Apesar dos desafios em distinguir sinais térmicos genuínos de processos não relacionados, os pesquisadores obtiveram medições altamente precisas.
Estágios de Temperatura Distintos Revelados
Os resultados mostraram duas faixas de temperatura claras, dependendo da massa dos pares de diletrons emitidos. Na faixa de baixa massa, a temperatura média alcançou cerca de 2,01 trilhões de Kelvin, consistente com previsões teóricas e com temperaturas observadas quando o plasma se transforma em matéria ordinária. Na faixa de massa mais alta, a temperatura média foi em torno de 3,25 trilhões de Kelvin, representando a fase padrão inicial e mais quente do plasma.
Esse contraste sugere que diletrons de baixa massa são produzidos mais tarde na evolução do plasma, enquanto os de alta massa vêm de seu estágio inicial mais energético.
“Este trabalho relata temperaturas médias do QGP em dois estágios distintos de evolução e múltiplos potenciais químicos báricos, marcando um avanço significativo no mapeamento das propriedades termodinâmicas do QGP”, disse Geurts.
Mapeando a Matéria Sob Condições Extremas
Ao medir precisamente a temperatura do QGP em diferentes pontos de sua evolução, os cientistas obtêm dados experimentais cruciais necessários para completar o “diagrama de fase de QCD”, essencial para mapear como a matéria fundamental se comporta sob imenso calor e densidade, semelhante às condições que existiram momentos após o big bang e presentes em fenômenos cósmicos como estrelas de nêutrons.

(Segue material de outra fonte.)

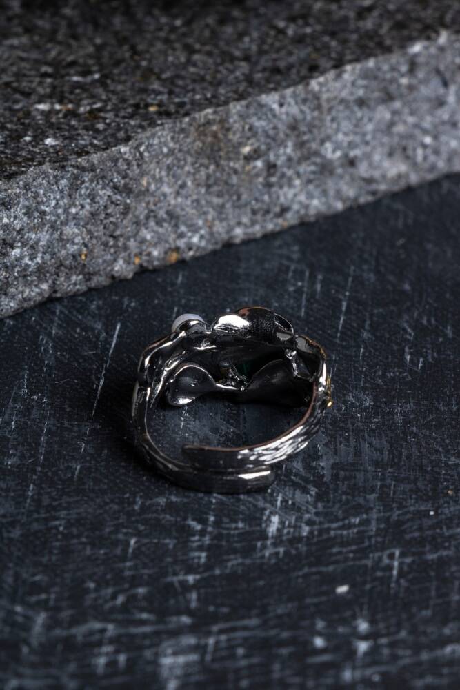 Bu yüzük, orijinalliği ve kalitesi onaylanmış Sertifikalı Malahit taşı kullanılarak üretilmiştir. Taşın canlı desenleri, İridyumlu Gümüş detaylarla birleşerek göz alıcı ve asil bir estetik sunar.

“Armados com este mapa térmico, os pesquisadores podem agora refinar sua compreensão sobre as durações de vida do QGP e suas propriedades de transporte, assim aprimorando nossa compreensão do universo primitivo”, disse Geurts. “Esse avanço significa mais do que uma medição; sinaliza uma nova era na exploração da fronteira mais extrema da matéria.”

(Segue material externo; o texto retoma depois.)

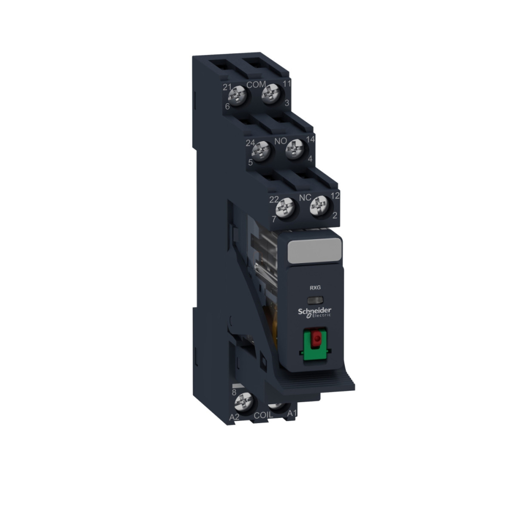 A Schneider Electric RXG21B7PV egy csúcsminőségű, előszerelt dugaszolható (plug-in) interfész relé foglalattal, amely a Harmony Elektromechanikus Relé termékcsalád része. Ez a kompakt vezérlőelem ideális választás ipari automatizálási rendszerekhez, kapcsolószekrényekhez és minden olyan alkalmazáshoz, ahol nagy megbízhatóságú vezérlőjeleket kell kapcsolni.

Contribuidores do estudo incluem o ex-associado de pós-doutorado da Rice, Zaochen Ye (agora na Universidade Normal do Sul da China), o ex-aluno da Rice, Yiding Han (agora no Baylor College of Medicine), e o atual aluno de graduação da Rice, Chenliang Jin. O trabalho foi apoiado pelo Escritório de Ciência do Departamento de Energia dos EUA.